TYPES OF MS
Let me remind you and myself with the old classification of MS which I think is not correct any more and must be updated in my view. The time is going on and moving forward, and we definitely need to move on with it if we seriously aim to beat MS. I think MS will be cured one day, and that day is not going to be too far to wait for. I have already heard high authority professionals in MS management saying that in about 8 – 10 years we will be able to cure MS. Within a decade or even may be less; it is not a long time to wait for !.
The old classification of MS was:
- Relapsing & remitting.
- Secondary progressive.
- Primary progressive.

Secondary progressive MS (SPMS) can be with or without relapses depending on the elapsed time and the degree of degeneration.
That classification was not correct in the beginning, and it is not correct anymore , because it was based on our old understanding of MS. I am talking about 40 – 50 years ago, during which a revolution in understanding MS has happened. The revolution in knowing more about MS was not reflected on its classification.
Let me show you this diagram to prove what I am talking about here:

There is nothing called secondary progressive MS de novo. Secondary progressive MS is obviously a secondary process following a primary one !. Secondary progressive type of MS can never be a separate class of MS. It is a process during which relapsing & remitting MS gets older and go deep through degeneration for it not to recover. It is when degeneration take over from inflammation, and that process is gradual. The time lapsed to reach that stage is difficult to predict i.e individual. There is always an interim phase during which both processes are combined i.e relapses & remissions with progression (SPMS with relapses. That mixture state may take some time before relapses cease and progression dominates.

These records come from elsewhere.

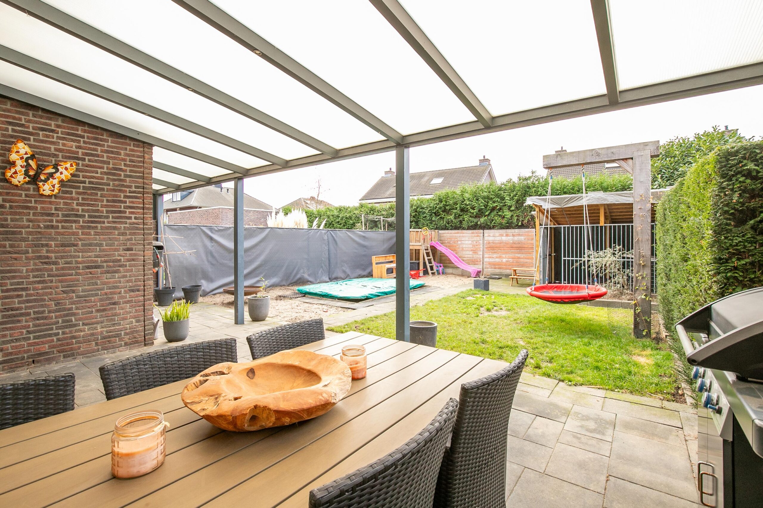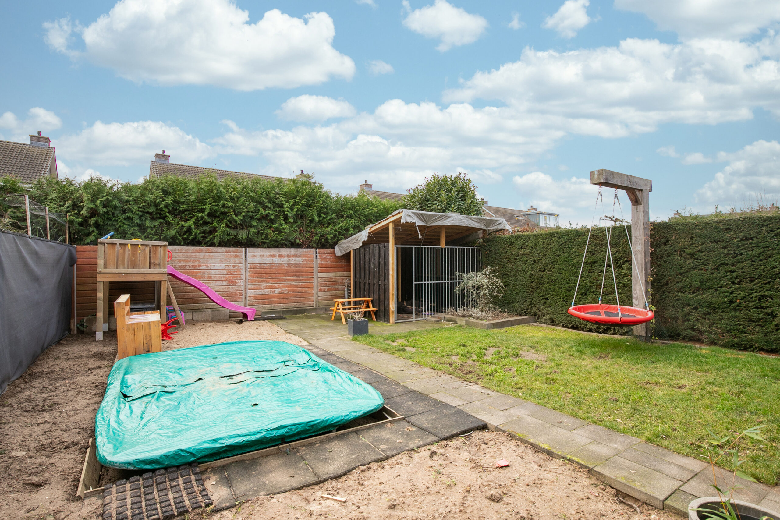 De achtertuin is geheel omsloten, ongeveer 12 meter diep en gelegen op het zuidwesten, waardoor er de hele dag zon- en schaduwplekken zijn. Er is een grote terrasoverkapping, hierdoor is het heerlijk buitenzitten, maar ook heel fijn om overdekt naar de garage te kunnen gaan. De garage is 6.00 x 3.00, deze is verwarmd en ook hier zijn aansluitpunten voor wasapparatuur.
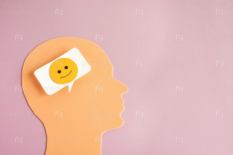 Голова со счастливыми мыслями. Символ человеческой головы и пузыря с позитивным лицом внутри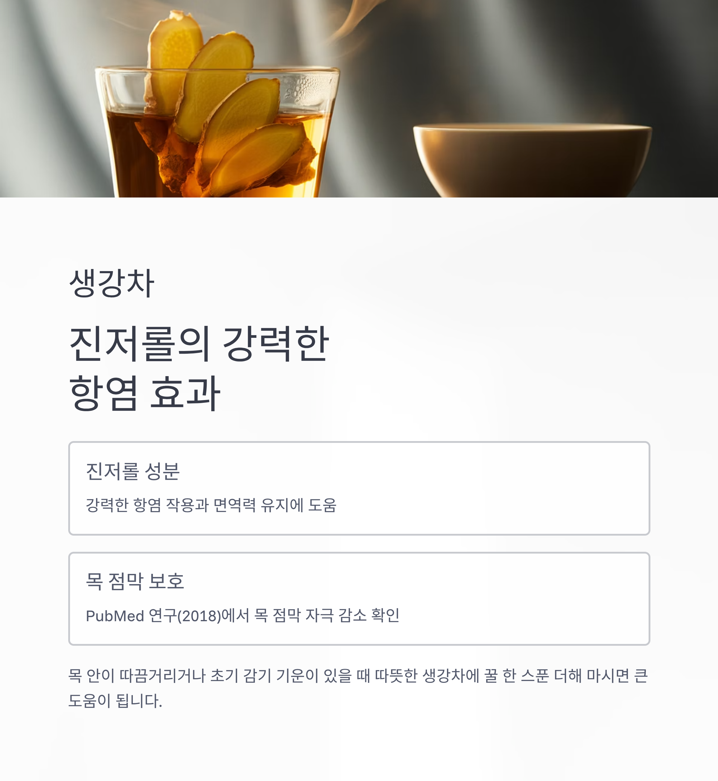 | 생강차 | 진저롤 | 항염, 면역 증진 | 따뜻하게, 꿀과 함께 |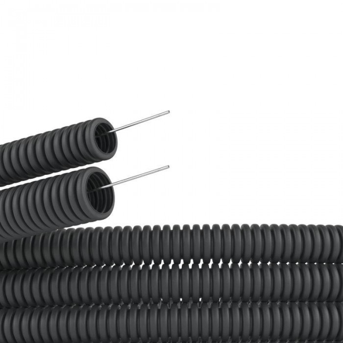 Труба гофрированная ПНД гибкая легкая d40мм с протяжкой черн. (уп.20м) DKC 71740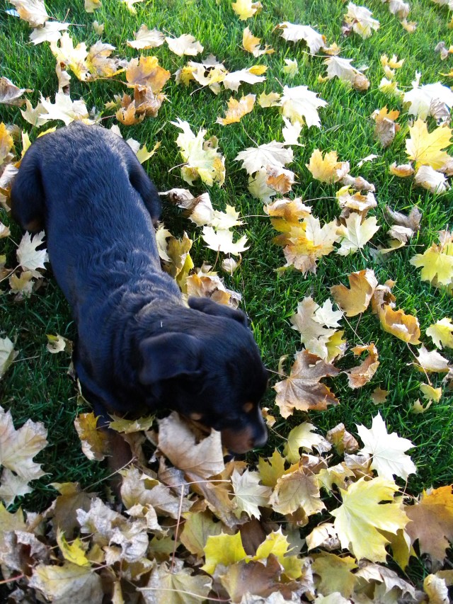 Paws out, butt up! Ha, I really don’t know what she was doing. But I like how all the leaves are surrounding her.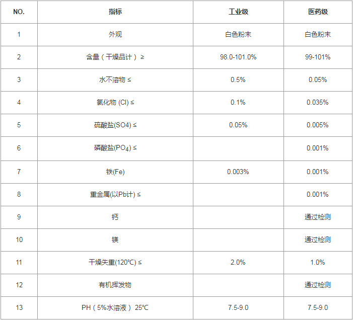 性 狀:無色透明結晶或白色顆粒。一般為三水物。密度1.45g/cm3。熔點58℃。在干燥空氣中風化,123℃失去結晶水。無水物熔點324℃。密度1.528g/cm3。稍溶于乙醇、乙醚。

Unfortunately, there is not a single test that tells us about the conversion (RRMS to SPMS), and it has to be a “clinical judgement” based on the course of events (history), but may be supported by increased MRI plaque load.
We can probably say in practice, there are only two types of MS:
- Relapsing & remitting MS, leading to secondary progressive MS of two types: a) SPMS with relapses. b) SPMS with no relapses.
- Primary progressive MS.
What about other forms of MS, such as the clinically isolated syndrome (CIS), Radiologically isolated syndromes(RIS), and the Benign MS(BMS) ?.
CIS is the first presentation of MS symptoms with radiological features are highly suggestive of MS, but the neurologist is unable to make a definite diagnosis of MS at that stage. That stage is called CIS, and in a good place with enough experience at least 50% will become definite MS in due time. I think that may be considered a separate class of MS.
Another type of MS presents in the beginning with symptoms suggestive of MS, and the MRI changes are classical of MS, but the patient remains very well with no significant progression over more than 10 years, with no new MRI changes, no relapses or hardly any one, and EDSS remains less than 2 ( I believe in EDDS 1.5 or less, but many authorities in the field of MS consider EDDS 2.5 or less). This BMS represents less than 5% of all MS.
It is fare to say that some MS authorities do not believe in something called BMS, and that view is very much respected. We need to do a proper research in this group of patients with very low EDSS, few demyelinating changes excluding spinal cord and cerebellum for at least 10 years. We could find out that those patients do represent a separate type of MS.
The latest classification of MS is:
- Relapsing MS
- Progressive MS (primary or secondary).
This new classification is very important when it comes to newer DMT which are used for progressive MS. Ocrelizumab (Ocrevus) is licensed for PPMS, but not for SPMS for no reason, but the research was done on PPMS !. Patients with SPMS should have access to this treatment if the pass the relapsing stage and their MS started to behave like PPMS.